Da mesma forma que só porque alguém “se sente” mulher ou homem não significa que a sociedade irá reconhecer a pessoa como mulher ou homem. Não é assim que a coisa funciona: esse é justamente o direito que é ostensivamente negado às pessoas transgêneras ou gênero-desviantes. Esse é justamente o direito a ser conquistado, pois é um direito que hoje não existe. Por mais que uma pessoa se comporte e “pareça” ser uma cidadã americana jamais será automaticamente considerada cidadã americana. Tudo bem que a pessoa, num delírio pessoal, não só se reconheça mas também queira todas as demais pessoas a reconheçam como mulher. Para as normas de gênero que aí estão, a pessoa JAMAIS SERÁ MULHER.
A menos que se mudem inteiramente essas normas, tarefa que depende de engajamento político e luta intensa contra a ordem vigente, coisa que alguém que “se sente” mulher nem pensa em fazer. Pelo menos até ser duramente despertada por uma realidade que ela insiste em negar.

Ter um gênero é essencialmente desempenhar papeis. E, como todas sabemos, viver é uma coisa; desempenhar um papel é outra. Por trás do personagem há sempre o ator, que é uma pessoa, um indivíduo, um ser humano.

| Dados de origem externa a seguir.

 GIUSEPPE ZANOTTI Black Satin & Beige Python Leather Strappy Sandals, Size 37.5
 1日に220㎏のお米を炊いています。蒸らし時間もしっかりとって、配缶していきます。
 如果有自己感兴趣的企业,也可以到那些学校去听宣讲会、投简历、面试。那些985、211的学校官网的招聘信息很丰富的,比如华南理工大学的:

Sexo, gênero, orientação sexual não são “dados” inexoráveis da natureza, mas “discursos normatizadores de condutas”, grandes dispositivos de controle que a sociedade desenvolve e obriga as pessoas a seguirem compulsoriamente.

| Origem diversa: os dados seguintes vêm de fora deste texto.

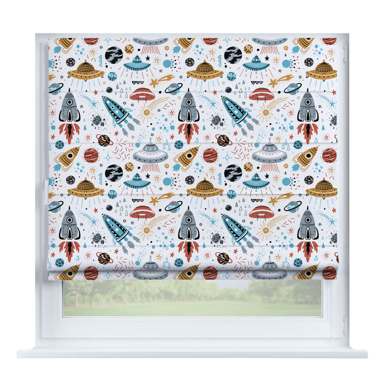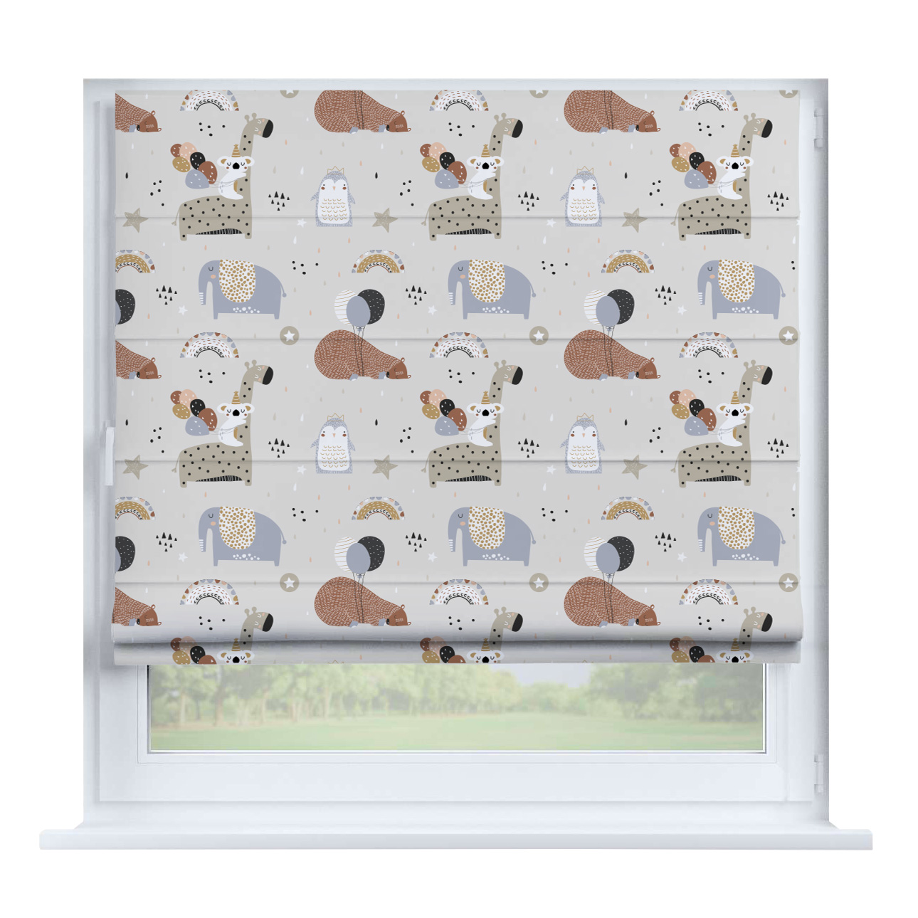Римская штора на створку «Забавные детали», карниз верёвочный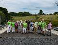 Da die kleine Brücke über der Nister gesperrt war, ging es ein Stück zwischen Nister und einer steilen Basaltabbau-Wand entlang und bald waren die Häuser am Kraftwerk erreicht. Über die Straßenbrücke, die momentan für Fahrzeuge gesperrt ist, ging es bergan – und vorbei am Skulpturenpark – nach Großseifen. Ein letzter Anstieg und der Ausgangspunkt am Friedhof kam in Sicht. Nun wurde es auf dem freien Feld langsam wärmer und so Mancher kam ins Schwitzen! Doch nach kurzer Fahrt war der Biergarten in Bad Marienberg erreicht und nach einem ersten, zischenden Bier stärkten sich die Wanderer bei Pasta und Pizza.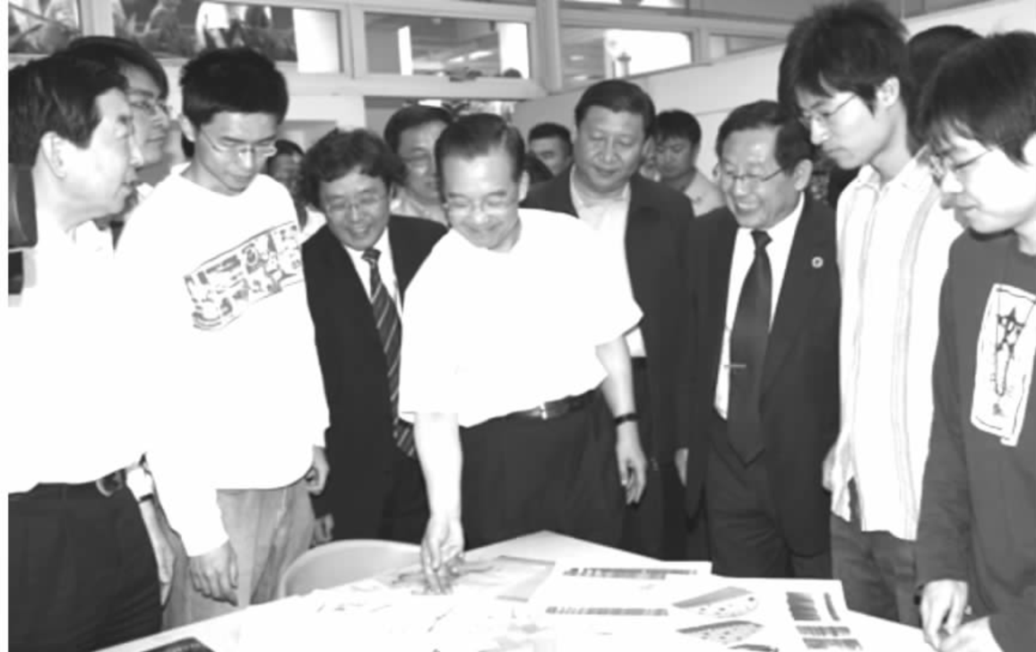 温家宝总理在同济大学明城楼驻足观看同学们设计的“世博会中国馆”主题作业

Ser mulher ou ser homem não é um dado estrutural da natureza, mas uma mera construção social, criada e mantida por “discursos normatizadores”. As pessoas aprendem a ser mulher ou a ser homem e desempenham esses papeis de mulher ou de homem como qualquer ator desempenha um papel no palco. E essa performance está tão naturalizada, que a gente passa a acreditar que se trata de algo absolutamente natural.

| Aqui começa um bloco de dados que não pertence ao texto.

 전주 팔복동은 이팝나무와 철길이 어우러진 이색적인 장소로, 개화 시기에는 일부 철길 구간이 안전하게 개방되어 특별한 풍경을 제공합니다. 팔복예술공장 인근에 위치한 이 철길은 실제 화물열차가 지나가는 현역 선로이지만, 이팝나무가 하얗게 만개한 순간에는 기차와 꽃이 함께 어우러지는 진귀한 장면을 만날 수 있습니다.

Mas a verdade é que qualquer pessoa pode ser mulher ou ser homem o quanto quiser, quando quiser, como quiser. Para ser mulher, não é preciso ter uma vagina, como também não é preciso ter um pênis para ser homem.
Bem, se um indivíduo nascido macho quiser ter uma vagina ou um indivíduo nascido mulher quiser ter um pênis, se achar realmente importante mexer no corpo para ter uma vagina no lugar do pênis e vice-versa, a medicina plástica está superavançada e hoje é capaz de criar uma vagina perfeitamente funcional; a criação do pênis também se aperfeiçoa a cada dia. Da mesma forma, “ser mulher” não implica em gostar de homem para se apaixonar e/ou fazer sexo. Orientação sexual é também um discurso social, um discurso normatizador: um dispositivo de controle social.
Quando eu digo para as pessoas não permitirem que os rótulos de identidade grudem em suas testas é para que elas não se convençam definitivamente de que realmente são o personagem que representam, até acabar se transformando nesse próprio personagem.
Você pode ser mulher, ser homem, ser lésbica, ser gay, ser hétero o quanto quiser, variar essas combinações o quanto quiser. Só não pode deixar de ser você mesma: – gente. E o que os rótulos fazem é eliminar inteiramente essa possibilidade de ser gente, matando sem piedade a pessoa única que existe em você, tornando-a “dócil”, domada e “perfeitamente administrável” pelas estruturas sociais.